This updates the libsecp256k1 subtree to upstream master, and switches ECDSA validation to it.
Practical upshot:
- Signature validation is anywhere between 2.5 and 5.5 times faster.
- Consensus code no longer depends on OpenSSL or its signature parser.
- Removes linking with OpenSSL from libconsensus.
Libsecp256k1 itself has not had a stable release, but we’re very close to that. This PR is effectively a preview, with the intention of switching to the released version before the Bitcoin Core 0.12 release.
The past months libsecp256k1 has undergone very extensive testing and validation, though some of that work is still under review. This includes:
- Very high branch coverage (which required generating a trillion random test vectors and strip them down to the 32 which collectively give the highest coverage for the scalar arithmetic code)

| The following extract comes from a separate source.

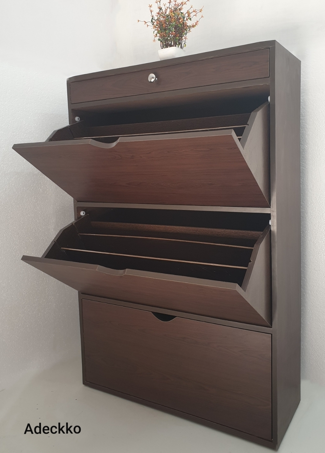 Organise your heels, sandals, sneakers, trainers, boots, work shoes and more with this cabinet. It will make finding your favourite pair of heels so much easier as well. Wooden Shoe Rack Includes 3 layers with 3 racks and one drawer. Each layer has 3 shoe racks with 3 slots on both sides and 2 movable panel, You can adjust the panel according to your needs. Max stoarge 40 Pair of Shoes. Made of High Quality Heavy Plywood with Premium Laminate Finish. Material - PLYWOOD + LAMINATE Dimesnions - Height : 54 inches Width : 36 inches Depth : 13 inches. Pre-assembled - NO Assembly Required. For customization contact us at 9999320028

- Formal proofs for the group laws using SAGE, and human-verifiable proof annotations for the field arithmetic logic.
- Test code that generates random valid DER signatures, fuzzes them, and compares the result of parsing them internally and using OpenSSL - which turned up a set of (to me) previously unknown behaviour in OpenSSL’s parser.
- The ability to compile in a test mode which switches to a slightly different curve (one constant change), resulting in a group of only 139 points instead of around 2256, allowing exhaustive testing of nearly all code.
The above things are planned to be finished before final release, as well as some API changes - though probably none that affect Bitcoin’s usage.
Thanks to everyone who contributed so far (including but not limited to @gmaxwell, @apoelstra, @peterdettman, @theuni, @luke-jr, …).